EXERCISE PROMPT - Skip the pictures. Give all the data again exactly.

DATASET EXCERPTS -
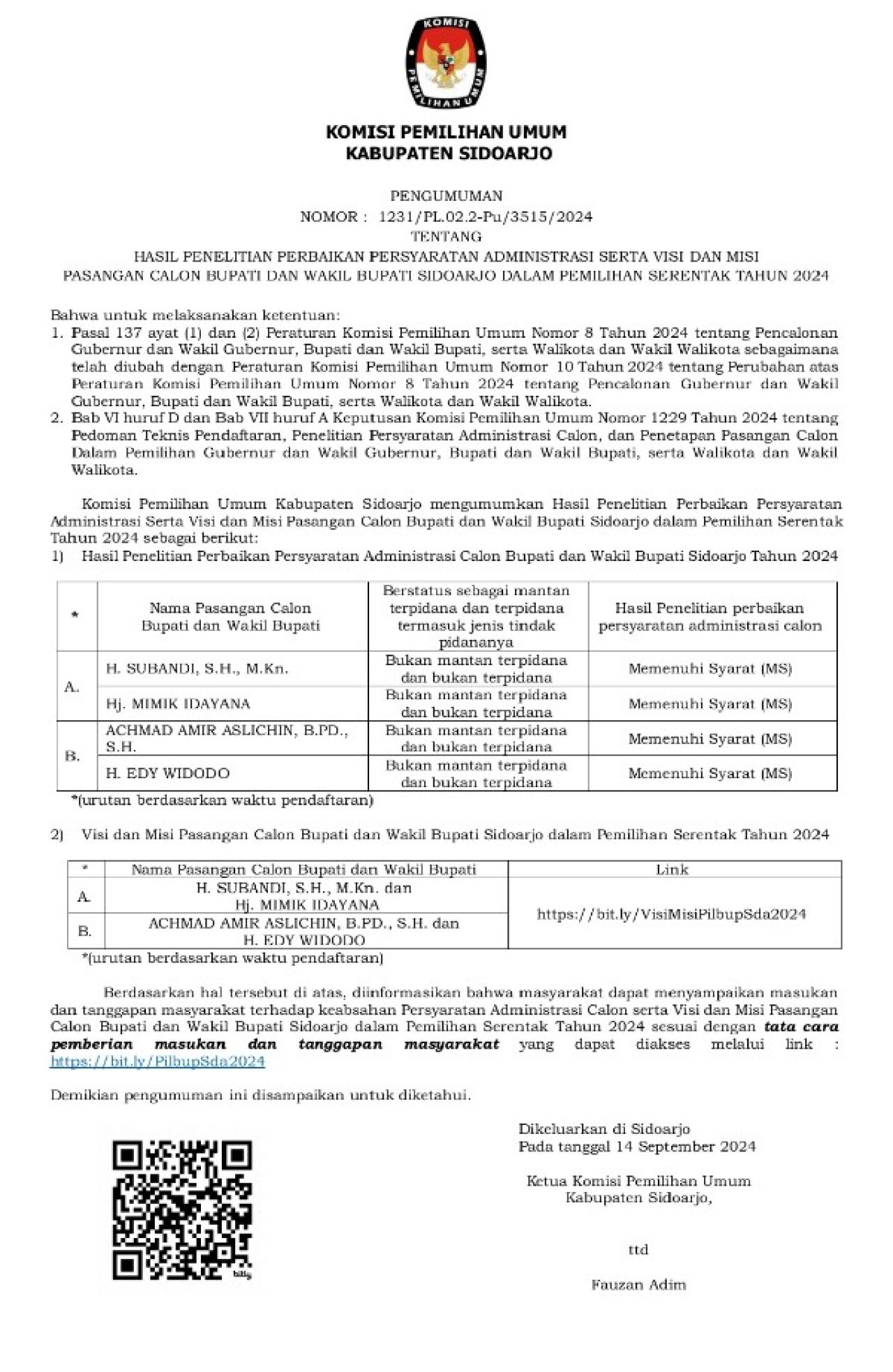 Pengumuman KPU Sidoarjo Hasil Penelitian Perbaikan Persyaratan Administrasi Serta Visi dan Misi Paslon Bupati dan Wabup Sidoarjo Dalam Pemilihan Serentak 2024
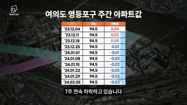 한국부동산원 주간 아파트값 통계를 보면, 여의도가 위치한 영등포구는 지난해 12월 3주 이후 7주 연속 하락하고 있습니다.
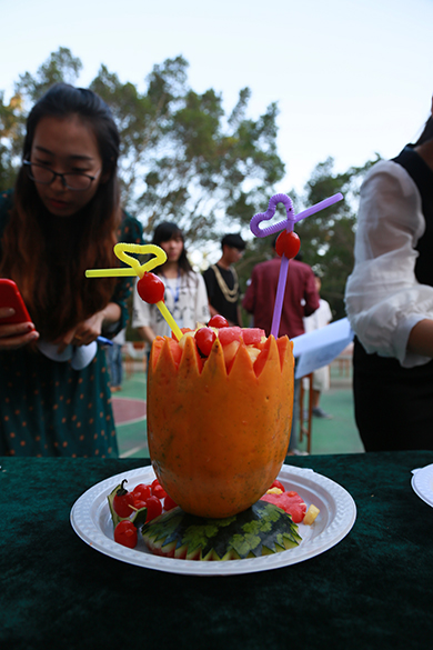 2015年4月29日,在艳阳似火的下午,整个校园却好似浸泡在甜爽的水果海洋中,2015校园文化艺术节水果拼盘大赛在篮球场上火热进行。出席本次活动领导老师有学院党委副书记、副院长彭仁,学工处处长刘承初,团委书记杜博,学工处副处长、设计学院学工办主任庞定坤,动画学院学工办主任何煜,团委副书记文春明以及班媚、刘玲花、严腾、张帆等四位评委老师。
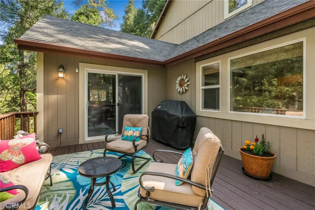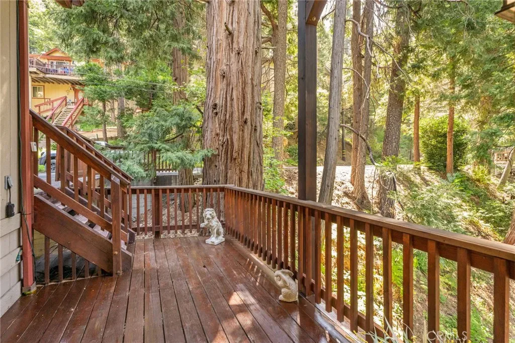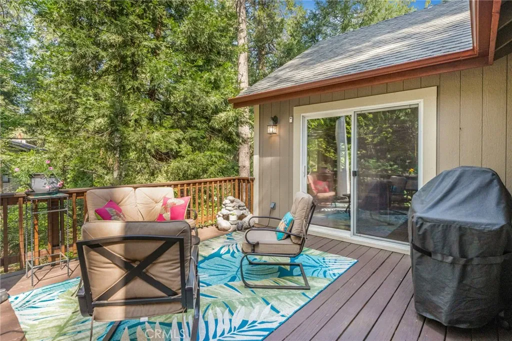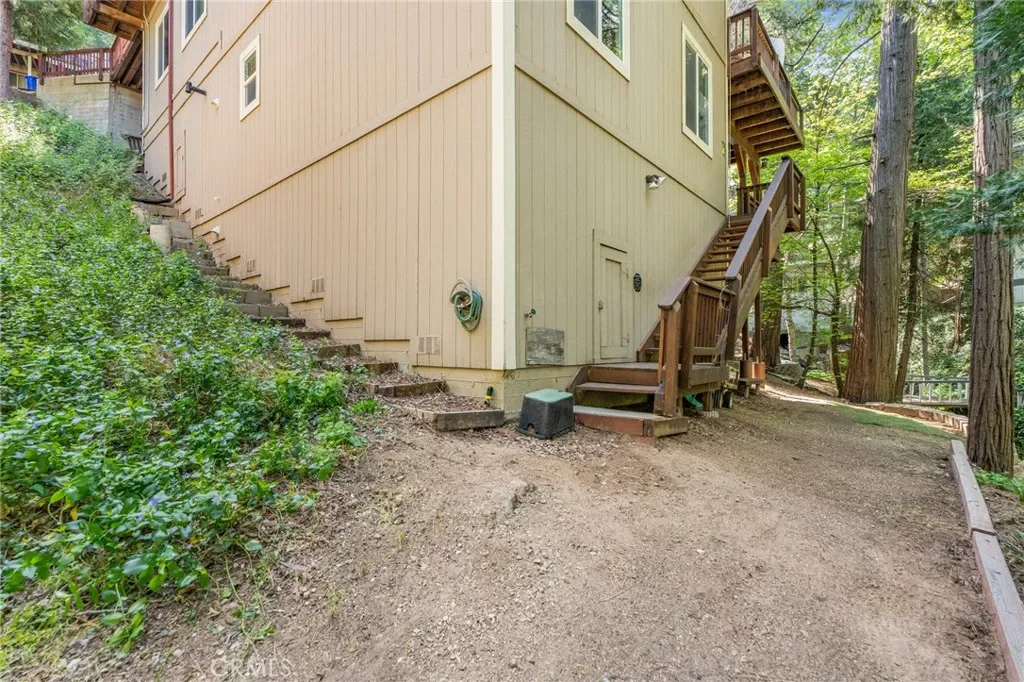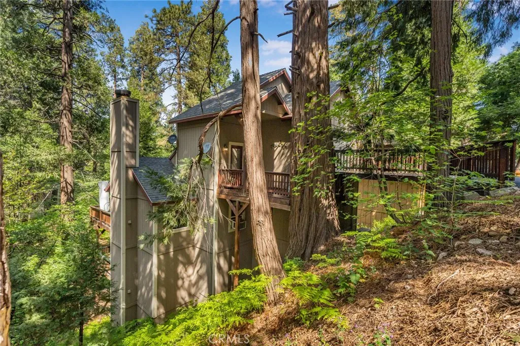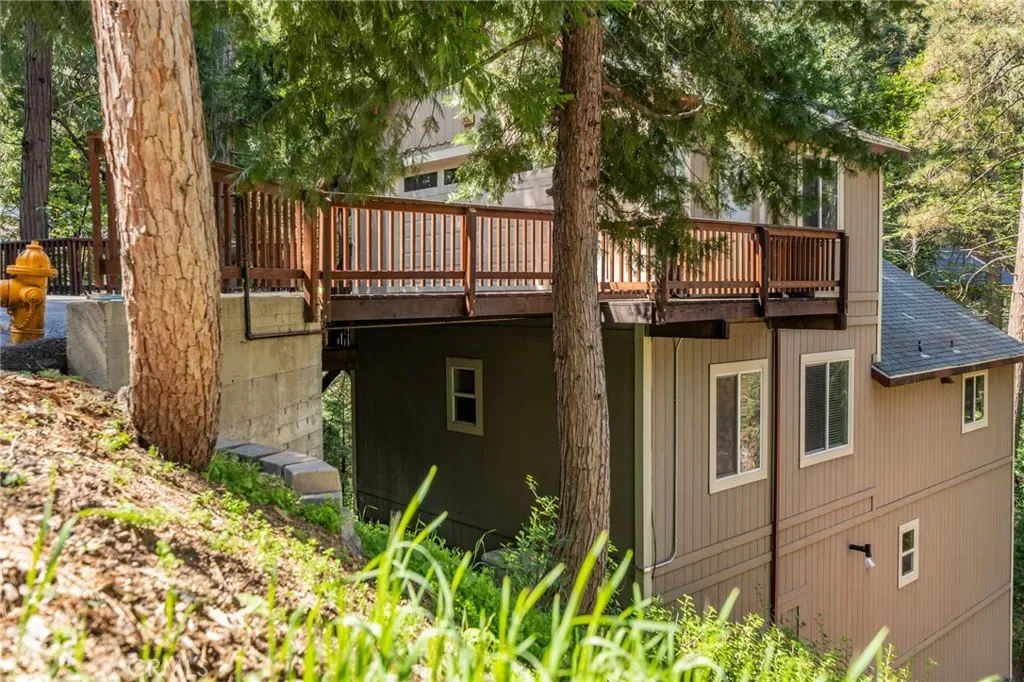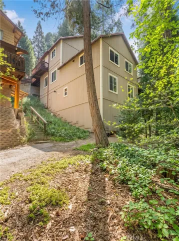 Beautiful Crestline Mountain Home Near Lake Gregory – Built in 2007 and offering 2,268 sq ft of living space, this well-maintained 3-bedroom, 2.5-bath home sits on a 7,713 sq ft lot surrounded by mature cedar, pine, and dogwood trees, creating a peaceful forest setting. This three-level home welcomes you through a main entry landing or the attached 2-car garage. The middle level serves as the heart of the home, featuring a living room with a stunning rock hearth fireplace and soaring ceiling. The gourmet kitchen is designed for both everyday living and entertaining, complete with granite countertops, an eat-at island, walk-in pantry, stainless steel appliances, and warm oak cabinetry. The adjacent dining area opens to a back deck, perfect for enjoying the cool mountain air and serene wooded surroundings. The primary suite is conveniently located on the main level and offers tall ceilings, built-in shelving, a walk-in closet, and an en-suite bathroom with dual sinks, a soaking tub, and a separate walk-in shower. The bottom lower-level features two additional bedrooms, a full bathroom, and a versatile bonus area ideal for an office, workout space, or library. The lower level includes a spacious family room with a second rock fireplace, laundry area, and access to both the back deck and yard, where you’ll find a seasonal creek enhancing the natural charm of the property. An additional approx. 800 sq ft of unfinished space behind the bonus area offers exciting potential to expand the living area. Additional highlights include a whole-house generator for year-round comfort and peace of mind during winter storms. Enjoy an unbeatable location with a walking trail just 150 yards to Lake Gregory, offering fishing, paddle boating, swimming, and hiking. Only minutes to Crestline Village for shopping, dining, bowling, and the local library, and approximately 30 miles to nearby ski resorts. Whether you’re seeking full-time mountain living or a weekend getaway, this beautifully cared-for home offers the perfect blend of comfort, space, and natural beauty.
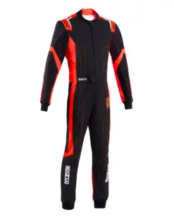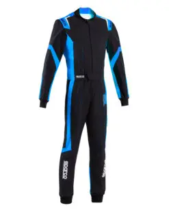 Sparco kartingoverall Thunder Advanced. Prisvärd instegsmodell som även finns i barnstorlekar. Ventilerande tyg under armar och insida ben låter overallen andas och kondensera svett för bättre komfort.
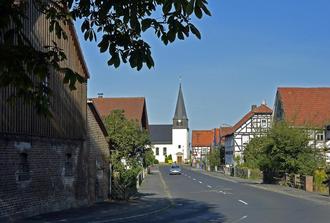 Bei der 38. Auflage des Wettbewerbs „Unser Dorf hat Zukunft“ geht Großenmoor als eins von zehn Dörfern im Landkreis Fulda ins Rennen. Die Jury reist am 10. September dorthin. Das Foto zeigt die Talstraße in Großenmoor mit Blick auf die zwischen 1923 und 1926 gebaute evangelische Kirche. Foto: Karl-Heinz Burkhardt (Kostenfreier Abdruck des Fotos bei Nennung der Fotoquelle.) Anbei auch das neue Logo des Wettbewerbs sowie das Banner, das in jedem teilnehmenden Dorf auf den Wettbewerb hinweist.
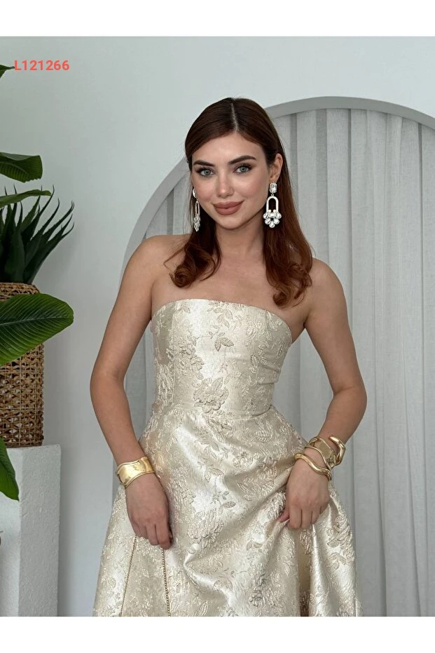 فستان تPrincess Strapless مزين بالأقمشة الساتان الجاكار من جنيل ماركalar
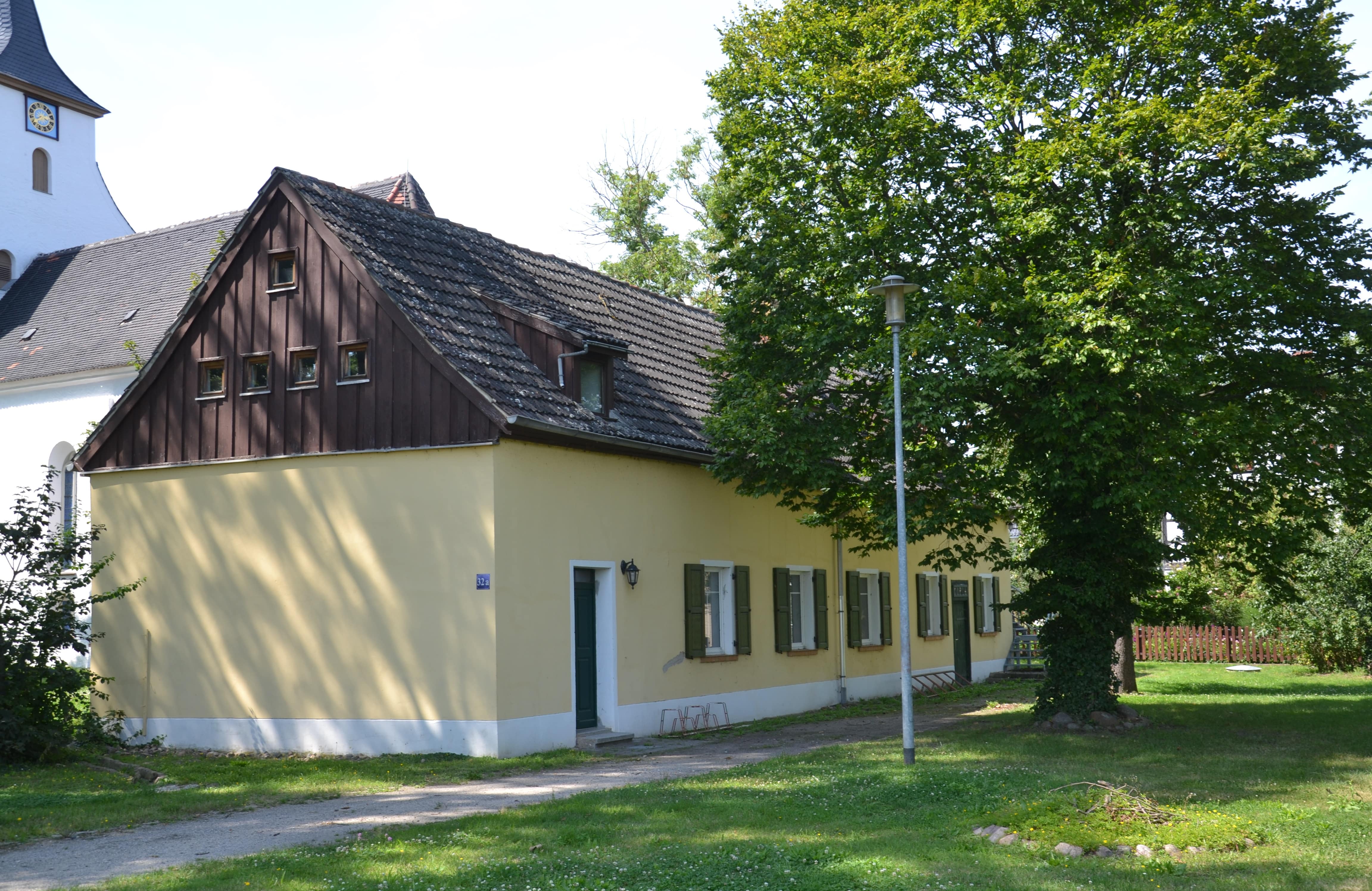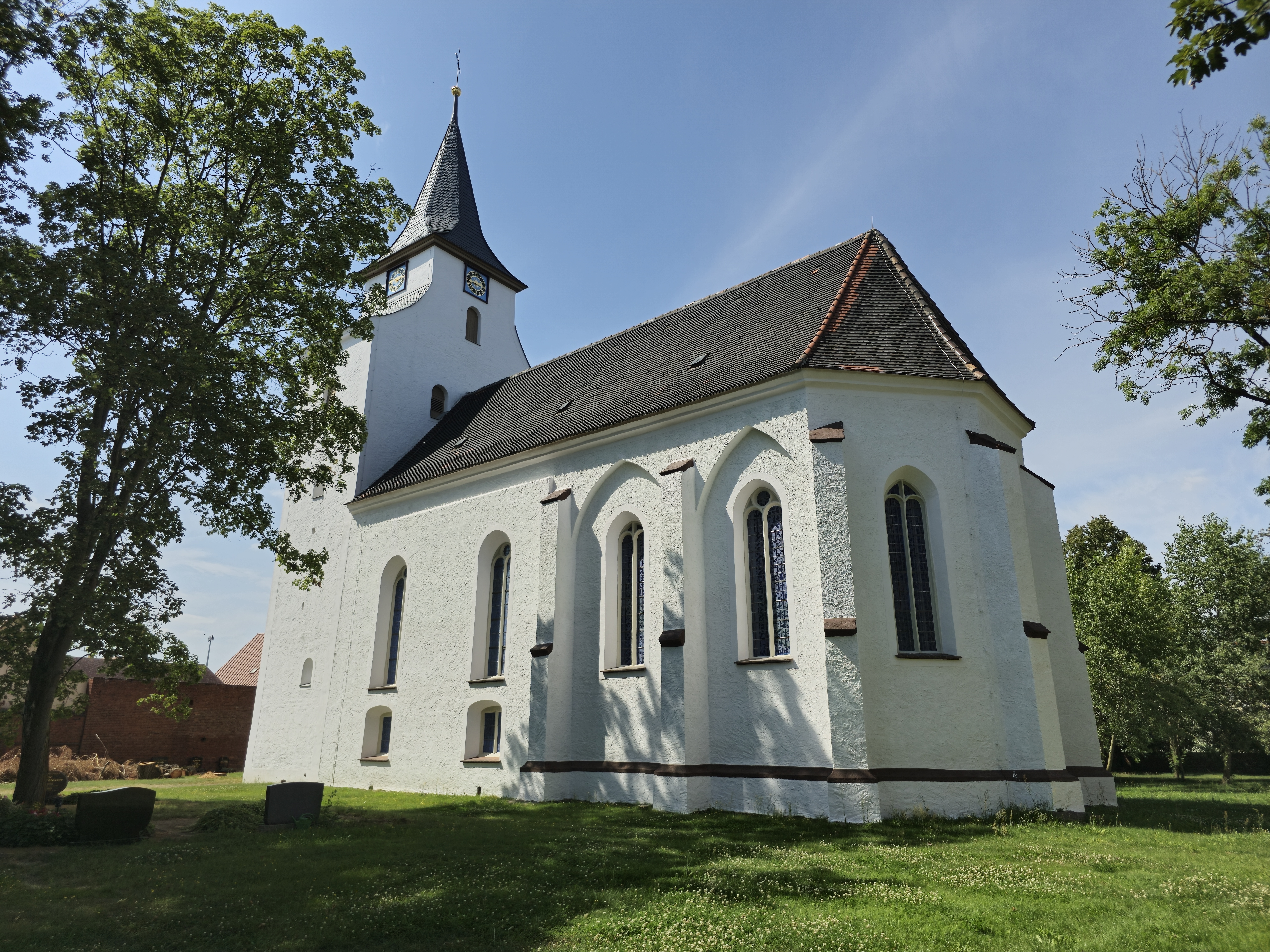 Die Kirche ist in Teilen romanischen Ursprungs. Die unteren Teile des Kirchenschiffes und des Turmes sind wohl um 1200 errichtet, weitere Bauteile sind der Gotik zuzuordnen. So zeigen die Inschriftsteine an der Ostwand des Chores u.a. die Jahreszahl 1418. Der Chor und die Sakristei sind mit einem Netzgewölbe überdeckt. Die Kirche wurde in den Jahrhunderten mehrfach renoviert und umgebaut, zuletzt 1968 (?). Von einem "bemerkenswerten spätgotischen Triptychon", der an einigen Stellen (u.a. auf der Webseite der Gemeinde Schönwölkau) erwähnt wird, weiß ich leider nichts, (werde aber mal danach forschen :). Die Kirche hatte ursprünglich 3 Glocken, deren älteste vom Beginn des 14. Jh. stammt, die beiden anderen von 1664 und 1782. Leider wurden während des 2.(?) Weltkrieges 2 davon eingeschmolzen. Das Pfarrhaus stammt aus dem Jahr 1786 und wurde Anfang der 90er Jahre saniert.

RESPONSE AREA -
 Pengumuman KPU Sidoarjo Hasil Penelitian Perbaikan Persyaratan Administrasi Serta Visi dan Misi Paslon Bupati dan Wabup Sidoarjo Dalam Pemilihan Serentak 2024
 한국부동산원 주간 아파트값 통계를 보면, 여의도가 위치한 영등포구는 지난해 12월 3주 이후 7주 연속 하락하고 있습니다.
 2015年4月29日,在艳阳似火的下午,整个校园却好似浸泡在甜爽的水果海洋中,2015校园文化艺术节水果拼盘大赛在篮球场上火热进行。出席本次活动领导老师有学院党委副书记、副院长彭仁,学工处处长刘承初,团委书记杜博,学工处副处长、设计学院学工办主任庞定坤,动画学院学工办主任何煜,团委副书记文春明以及班媚、刘玲花、严腾、张帆等四位评委老师。
 Beautiful Crestline Mountain Home Near Lake Gregory – Built in 2007 and offering 2,268 sq ft of living space, this well-maintained 3-bedroom, 2.5-bath home sits on a 7,713 sq ft lot surrounded by mature cedar, pine, and dogwood trees, creating a peaceful forest setting. This three-level home welcomes you through a main entry landing or the attached 2-car garage. The middle level serves as the heart of the home, featuring a living room with a stunning rock hearth fireplace and soaring ceiling. The gourmet kitchen is designed for both everyday living and entertaining, complete with granite countertops, an eat-at island, walk-in pantry, stainless steel appliances, and warm oak cabinetry. The adjacent dining area opens to a back deck, perfect for enjoying the cool mountain air and serene wooded surroundings. The primary suite is conveniently located on the main level and offers tall ceilings, built-in shelving, a walk-in closet, and an en-suite bathroom with dual sinks, a soaking tub, and a separate walk-in shower. The bottom lower-level features two additional bedrooms, a full bathroom, and a versatile bonus area ideal for an office, workout space, or library. The lower level includes a spacious family room with a second rock fireplace, laundry area, and access to both the back deck and yard, where you’ll find a seasonal creek enhancing the natural charm of the property. An additional approx. 800 sq ft of unfinished space behind the bonus area offers exciting potential to expand the living area. Additional highlights include a whole-house generator for year-round comfort and peace of mind during winter storms. Enjoy an unbeatable location with a walking trail just 150 yards to Lake Gregory, offering fishing, paddle boating, swimming, and hiking. Only minutes to Crestline Village for shopping, dining, bowling, and the local library, and approximately 30 miles to nearby ski resorts. Whether you’re seeking full-time mountain living or a weekend getaway, this beautifully cared-for home offers the perfect blend of comfort, space, and natural beauty.
 Sparco kartingoverall Thunder Advanced. Prisvärd instegsmodell som även finns i barnstorlekar. Ventilerande tyg under armar och insida ben låter overallen andas och kondensera svett för bättre komfort.
 Bei der 38. Auflage des Wettbewerbs „Unser Dorf hat Zukunft“ geht Großenmoor als eins von zehn Dörfern im Landkreis Fulda ins Rennen. Die Jury reist am 10. September dorthin. Das Foto zeigt die Talstraße in Großenmoor mit Blick auf die zwischen 1923 und 1926 gebaute evangelische Kirche. Foto: Karl-Heinz Burkhardt (Kostenfreier Abdruck des Fotos bei Nennung der Fotoquelle.) Anbei auch das neue Logo des Wettbewerbs sowie das Banner, das in jedem teilnehmenden Dorf auf den Wettbewerb hinweist.
 فستان تPrincess Strapless مزين بالأقمشة الساتان الجاكار من جنيل ماركalar
 Die Kirche ist in Teilen romanischen Ursprungs. Die unteren Teile des Kirchenschiffes und des Turmes sind wohl um 1200 errichtet, weitere Bauteile sind der Gotik zuzuordnen. So zeigen die Inschriftsteine an der Ostwand des Chores u.a. die Jahreszahl 1418. Der Chor und die Sakristei sind mit einem Netzgewölbe überdeckt. Die Kirche wurde in den Jahrhunderten mehrfach renoviert und umgebaut, zuletzt 1968 (?). Von einem "bemerkenswerten spätgotischen Triptychon", der an einigen Stellen (u.a. auf der Webseite der Gemeinde Schönwölkau) erwähnt wird, weiß ich leider nichts, (werde aber mal danach forschen :). Die Kirche hatte ursprünglich 3 Glocken, deren älteste vom Beginn des 14. Jh. stammt, die beiden anderen von 1664 und 1782. Leider wurden während des 2.(?) Weltkrieges 2 davon eingeschmolzen. Das Pfarrhaus stammt aus dem Jahr 1786 und wurde Anfang der 90er Jahre saniert.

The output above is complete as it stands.